No one likes receiving the same Christmas gift twice, but when it comes to festive-themed films and their sequels, that's typically what you get. Unfortunately, Bad Santa 2 doesn't escape that trap. Back in 2003, the original film prove a rude, crude blast of fresh air that flouted and took the piss out of yuletide clichés. By comparison, the long-awaited follow-up plays like a half-arsed version of the exact same thing.

For Willie Soke (Billy Bob Thornton), that means drinking, brawling, swearing, screwing, stealing, scamming, cracking safes and soaking in his own urine, usually while dressed up as Father Christmas. He's reluctant to return to the red coat and wig, but he's also eager to pilfer whatever cash he can when Christmas rolls around — 'tis the season to be burgling, and all that. That's why he agrees to re-team with his duplicitous, diminutive former partner-in-crime Marcus (Tony Cox), trading an unsuccessful suicide attempt for a scheme to fleece a Chicago charity. That the third person in their thieving plans is his estranged ex-con mother (Kathy Bates) complicates matters considerably.

Add a lustful love interest (Christina Hendricks), plus a well-meaning but dim-witted hanger-on (Brett Kelly), and the Bad Santa formula everybody knows and once loved is back in action. Alas, with original director Terry Zwigoff (Ghost World) and writers Glenn Ficarra and John Requa (Crazy, Stupid, Love) nowhere in sight — replaced by Mean Girls' helmer Mark Waters, first-time feature screenwriter Johnny Rosenthal and What to Expect When You're Expecting scribe Shauna Cross — Bad Santa 2 rides its sleigh straight into tired territory.

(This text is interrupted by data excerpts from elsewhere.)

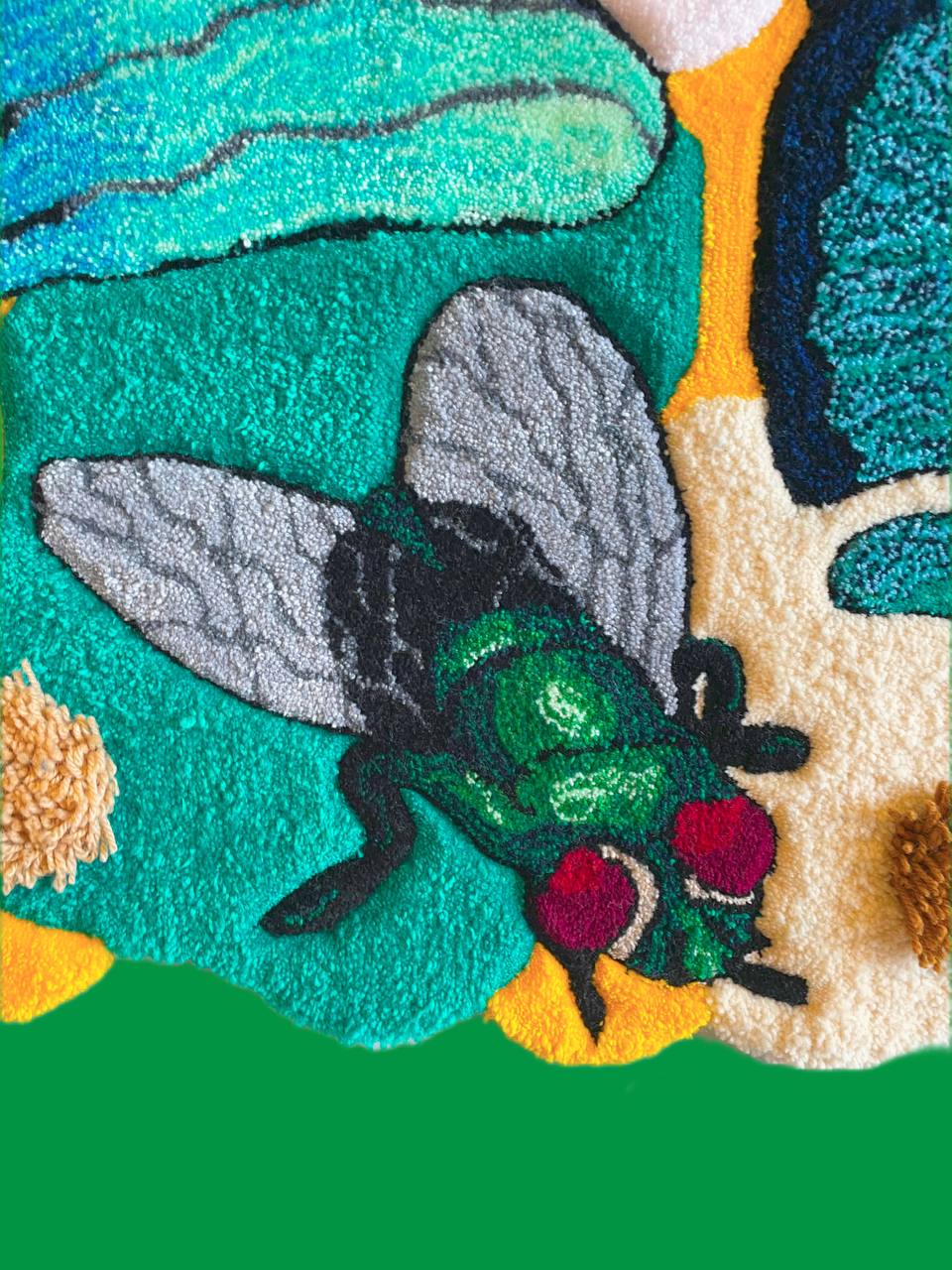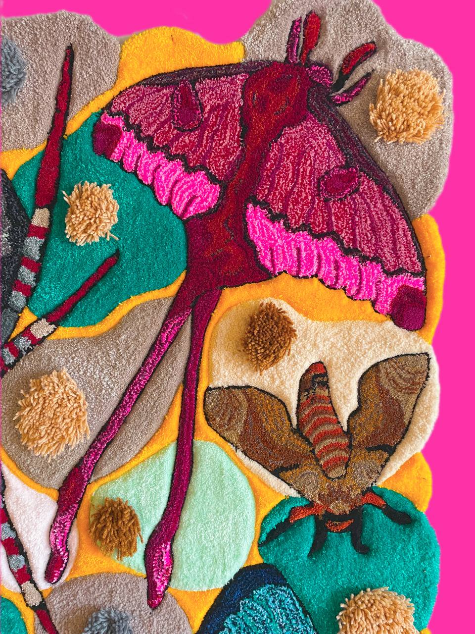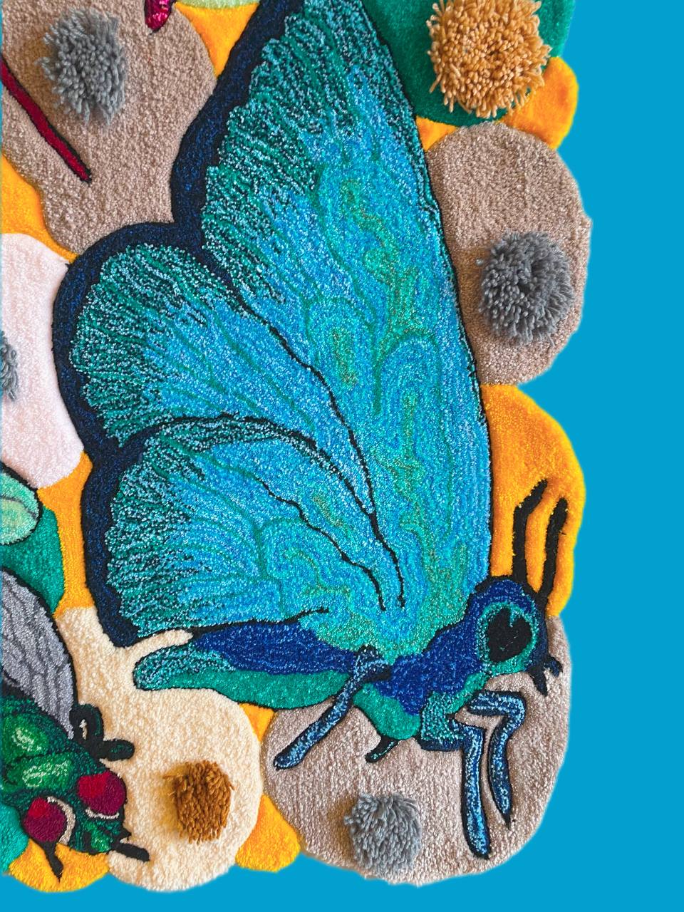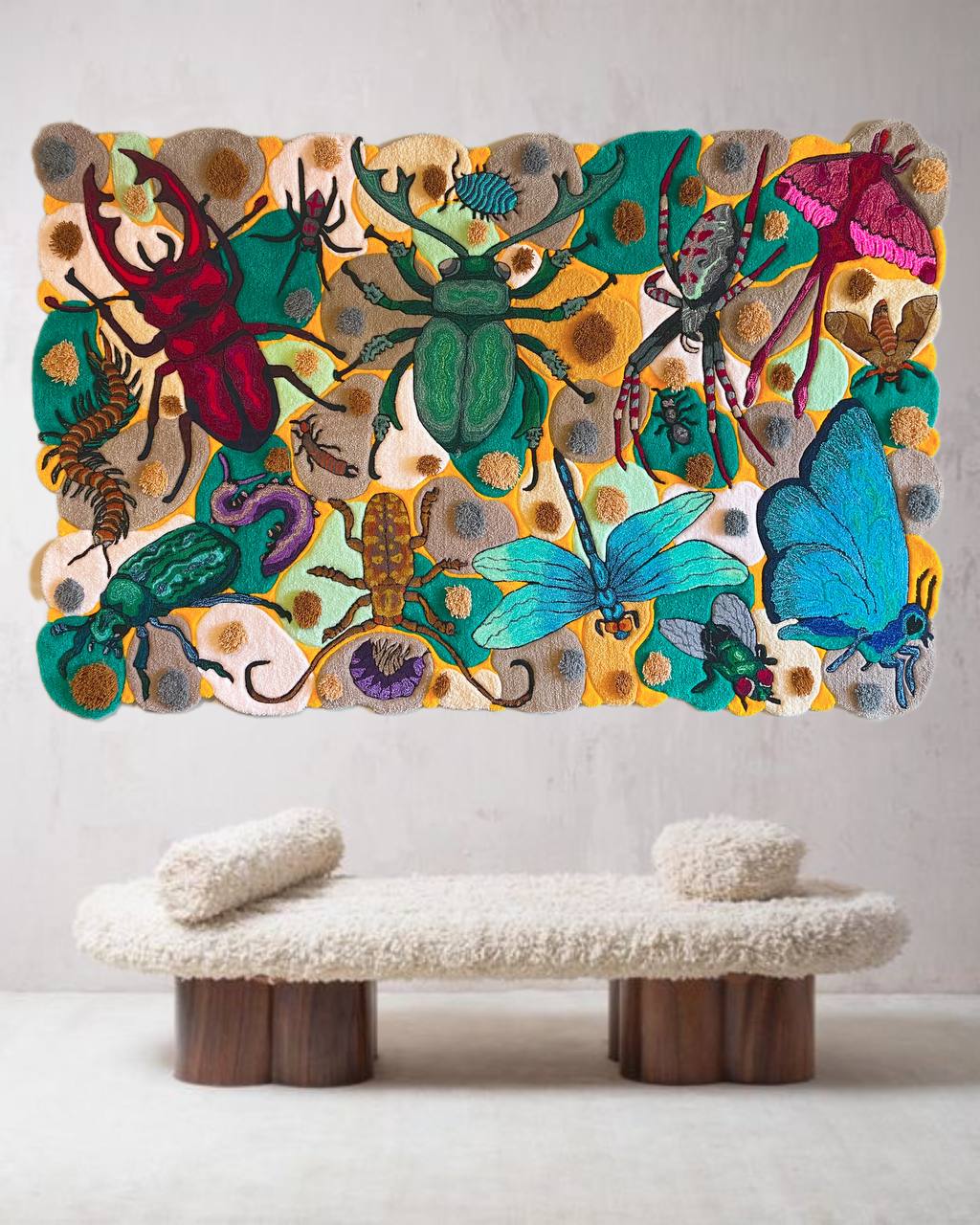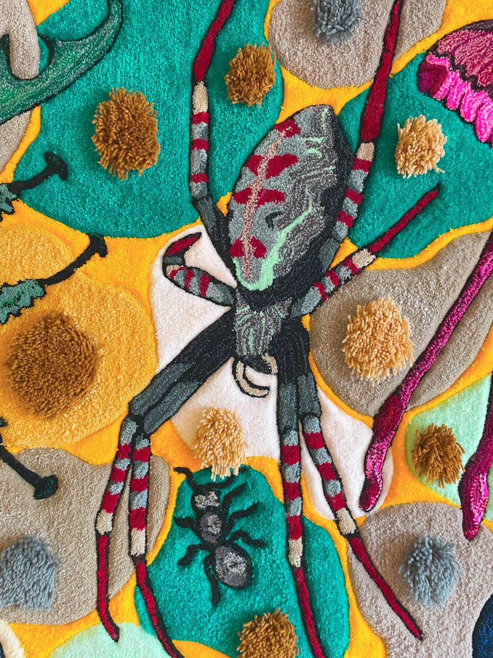 It depicts 16 different beetles, each with its own character and details. The rug is made in a bright, colorful palette and has a multi-level pile, creating an effect of volume and depth. This is not just an interior item — it is a full-fledged work of art.
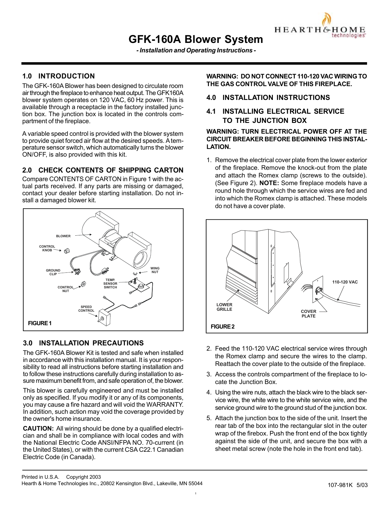 Hearth And Home Technologies Blower Gfk 160a User Manual Manualzz
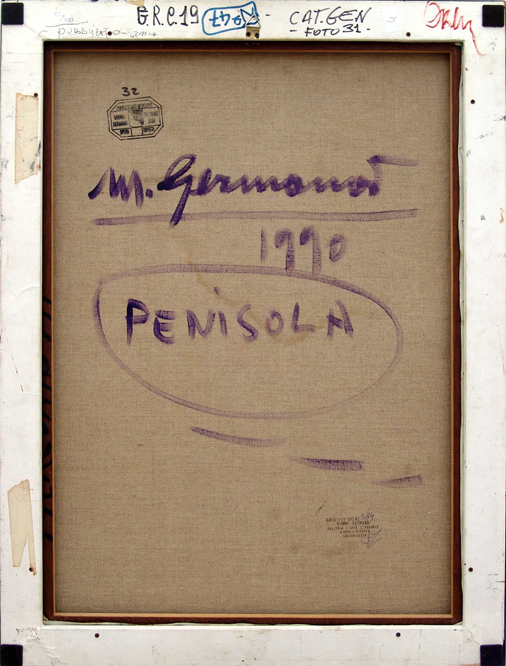 certificato di autenticità dell’Archivio Generale di Mimmo Germanà di Milano con numero di repertorio 31; opera pubblicata nel catalogo "Germanà" a cura di Tommaso Trini, Prearo Editore
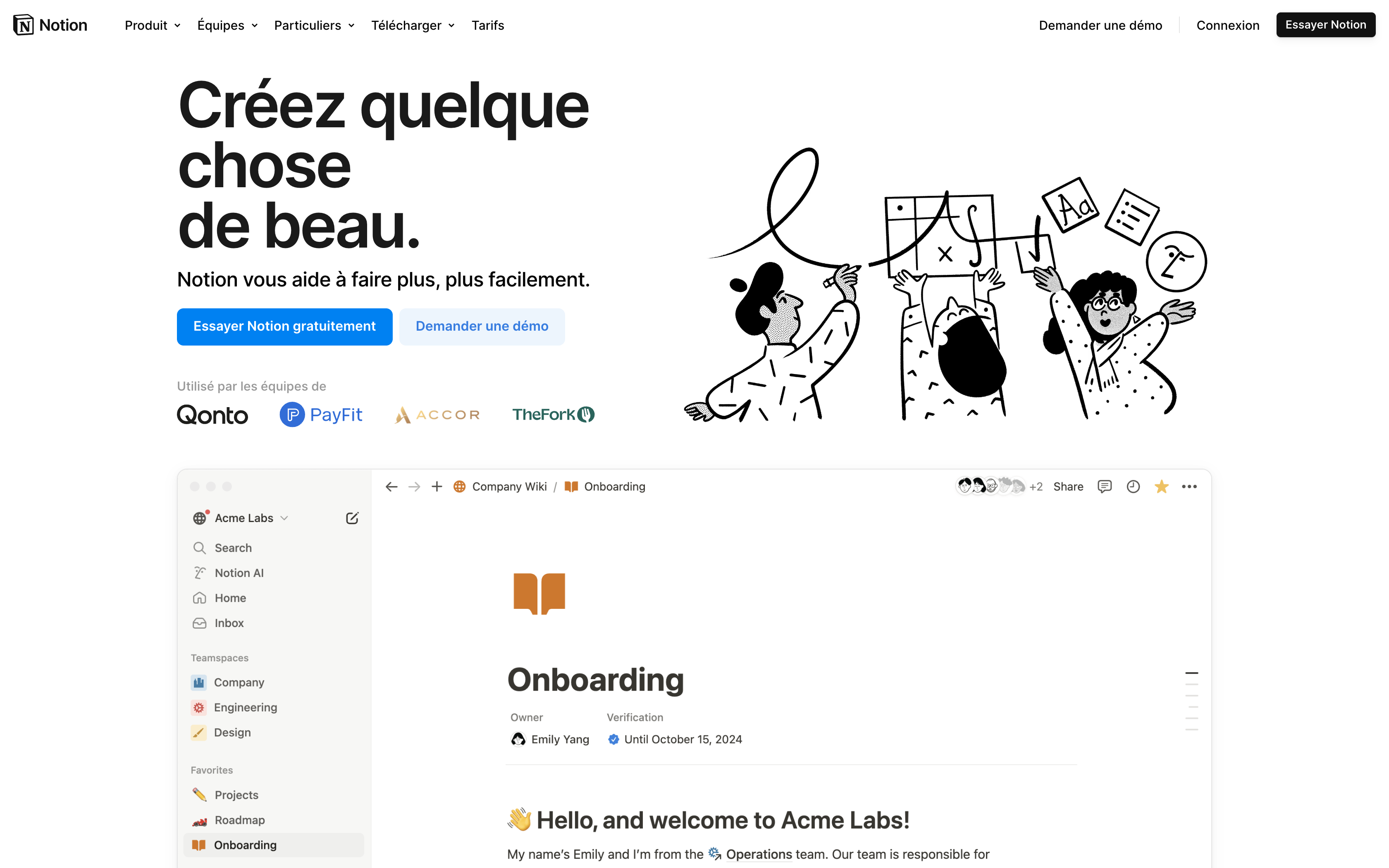 Notion est une plateforme tout-en-un qui combine notes, bases de données et gestion de projet pour organiser vos idées et travaux efficacement.
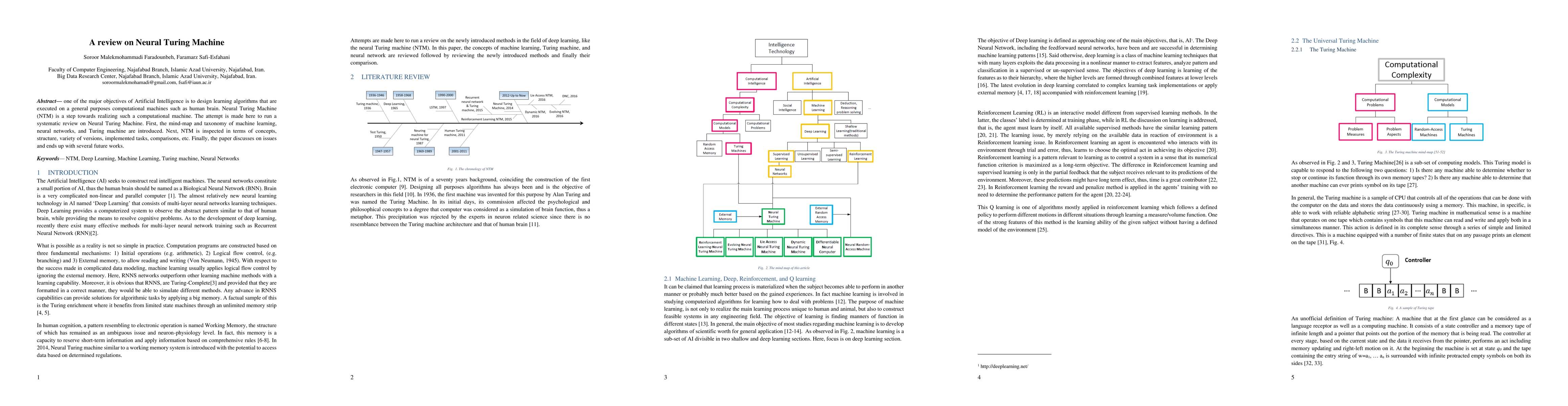 One of the major objectives of Artificial Intelligence is to design learning algorithms that are executed on a general purposes computational machines such as human brain. Neural Turing Machine (NTM) is a step towards realizing such a computational machine. The attempt is made here to run a systematic review on Neural Turing Machine. First, the mind-map and taxonomy of machine learning, neural networks, and Turing machine are introduced. Next, NTM is inspected in terms of concepts, structure, variety of versions, implemented tasks, comparisons, etc. Finally, the paper discusses on issues and ends up with several future works.
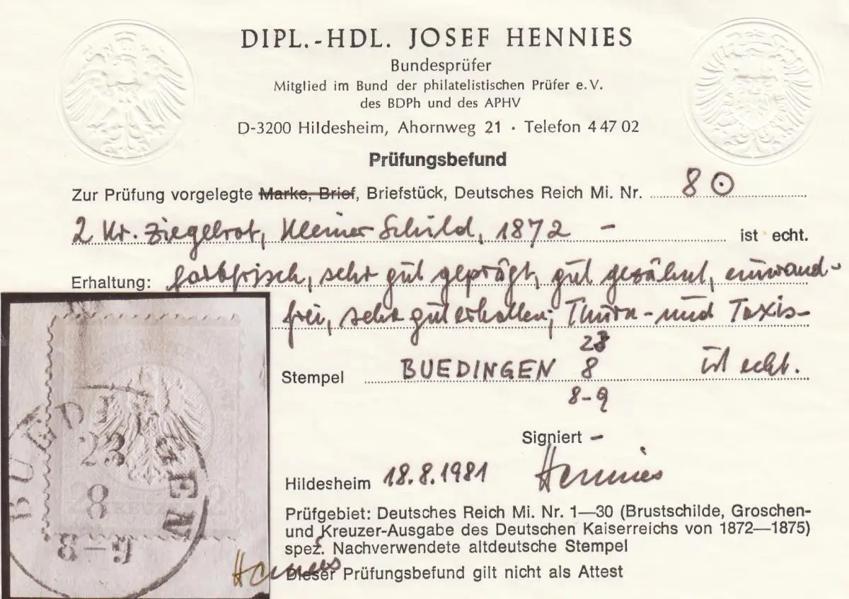 DR: Min. 8, cacheté pièce-lettre, Thurn &Taxis Büdingen, BPP résultat
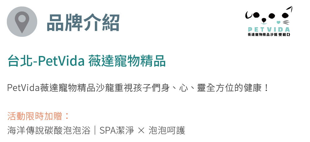 活動!台北【PetVida 薇達寵物精品】1000元商品&課程通用券加贈海洋傳說碳酸泡泡浴(MO)
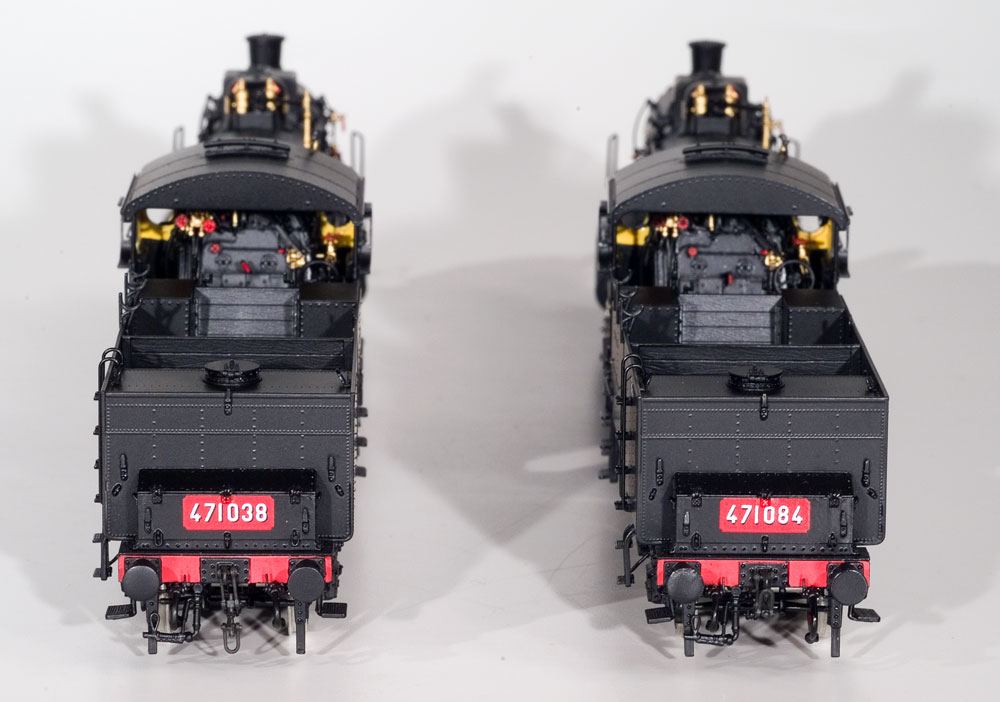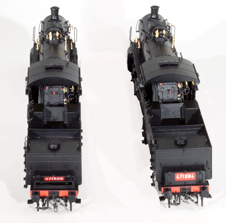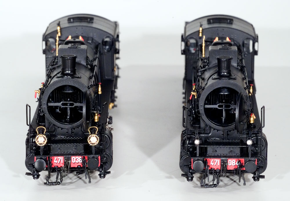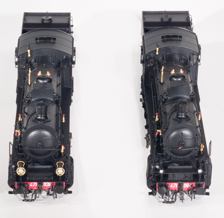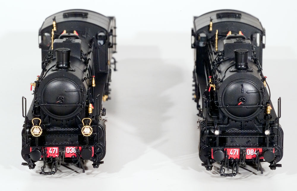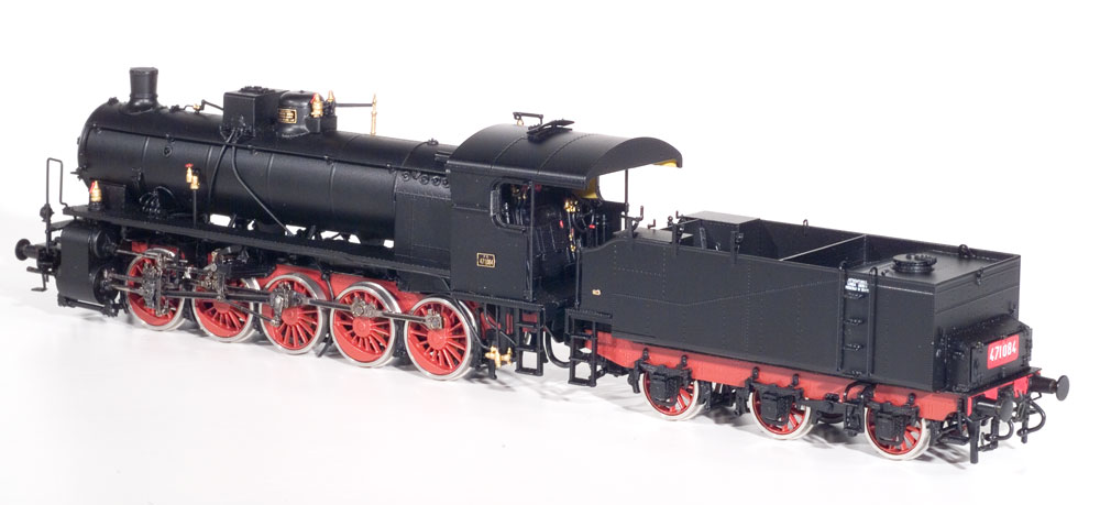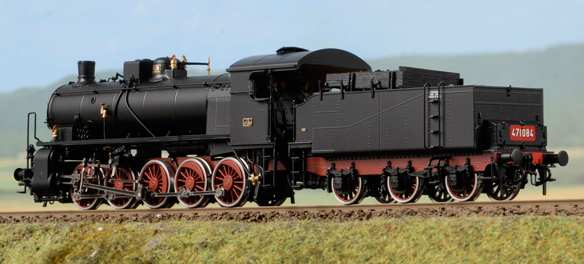 FS Gr. 471.084 con cabina standard. Fanali tipo elettrici, tender acqua a tre assi con serbatoio da 20 mc , targhe nere. Portellone camera a fumo, boccaporti acqua e cassetta degli attrezzi sul tender apribili. Colore nero / rosso, stato anni ’60 Officine Ernesto Breda , Milano
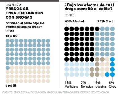 Un 39% de los privados de libertad con condena confesó que consumieron licor, crack o marihuana para cobrar valor y cometer el delito.
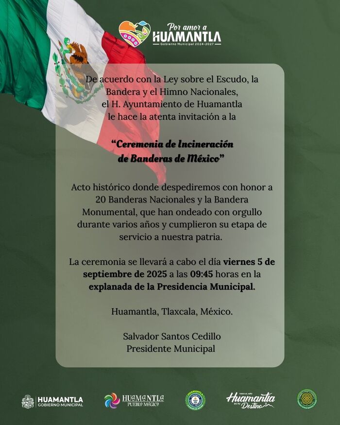 DebatePúblico.- En cumplimiento con la Ley sobre el Escudo, la Bandera y el Himno Nacionales, el Ayuntamiento de Huamantla invita a toda la ciudadanía a participar en la Ceremonia de Incineración de Banderas de México, un acto solemne en el que se rendirá homenaje a los símbolos patrios.
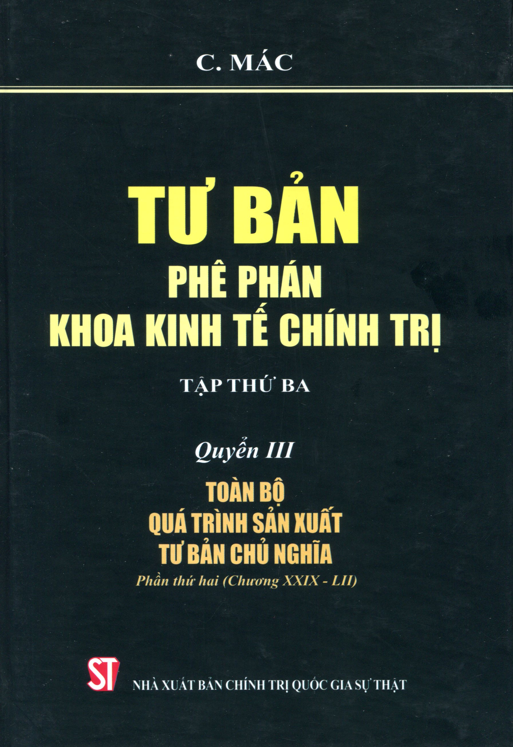 Tập thứ ba: + Quyển III: Toàn bộ quá trình sản xuất tư bản chủ nghĩa – Phần thứ nhất (Chương I – XXVIII)
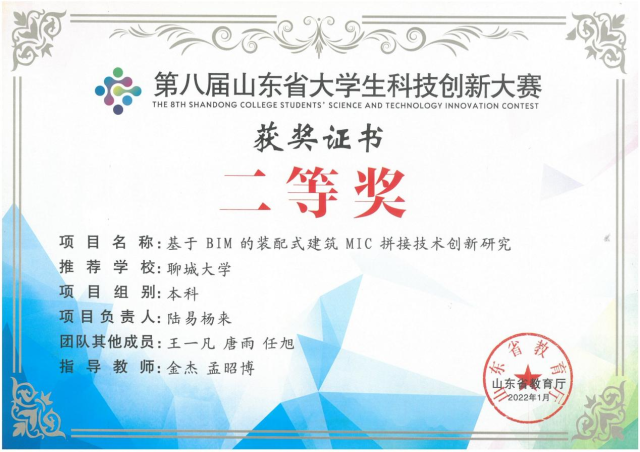 学生陆易杨来在“第八届山东省大学生科技创新大赛”荣获二等奖

If there's a cinematic equivalent of asking for a pony and getting a photo of one instead, Bad Santa 2 is it. Everything looks the part, but this follow-up is no substitute for the real thing. Instead of humour steeped in the dark side of the season — be it the rampant consumerism, the gnawing loneliness or the manufactured cheer — this sloppy second effort just dials up the obscenity and anti-social behaviour, then tops the tree with familial drama. Indeed, in trying to coast by with little more than a predictable premise, easy gags, outrageous situations, unlikeable characters and a late splash of sentimentality, Bad Santa 2 could be mistaken for one of the poor imitators that the first movie inspired.

At least Thornton is on hand to do what he does best. If nothing else, the been there, done that air and apparent lack of effort suits his bad protagonist to the wearied, wise-cracking bone. Accordingly, when a handful of the script's grossly inappropriate jokes land, Thornton is usually the reason.